Last Thursday, in one of those ‘stupid clumsy me’ moments, I bashed my hand against a wall and screwed up my right thumb. As I’ve had my fair share of broken bones over the years, I didn’t think it was fractured and even managed to play guitar with it for a couple of hours with my buddy. Nevertheless, I had it x-rayed the next morning just to be safe; it was swollen and stiff, and the thumb, too! 

While waiting for the x-ray report to come in, I sat thinking back to when I had broken both elbows in a bike accident a couple of years ago, on April Fool’s Day no less. I thought about how crappy it would be to start the New Year incapacitated, trying to get by with my left hand, especially as I’m right-handed. I thought about toasting the New Year holding a champagne glass in my shaky left hand, as well as typing this post one letter at a time in true ‘hunt and peck’ fashion. I considered how 2011 might be giving me one last kick in the crotch before it winks out of existence. And then, a sobering thought struck me, “aww was 2011 really so bad to me?”
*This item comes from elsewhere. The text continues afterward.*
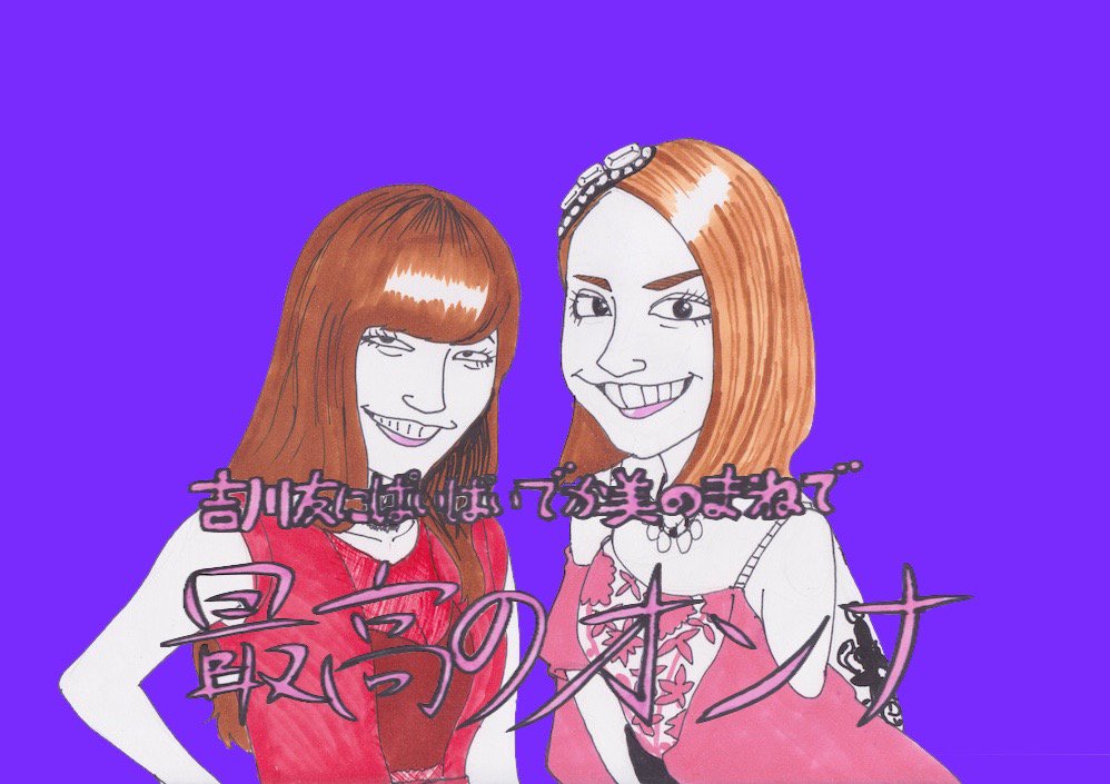 ふた昔前のものまね王座決定戦(針すなお風)に吉川友にぱいぱいでか美を描いてみた。 今日は調子がいいな。1日で2枚も描けるとは。

About 6 hours before my accident, I had been reading the last post of Joe Bodolai, a comedy writer with many notable television stints to his credit, including Saturday Night Live (SNL). Eulogizing himself, he listed his life’s achievements in length, as well as noted his regrets, personal peeves and even his sardonic predictions for the coming year. He then closed his extensive suicide note expressing thanks to the many who had been a part of his life, as well as suggesting “I need to feel the good that I did and whatever good I have ever done for you is enough for me.” … Well, apparently whatever good he did in his life wasn’t ‘good enough’ for him to rest his laurels on and so he offed himself by drinking a mixture of Gatorade and antifreeze.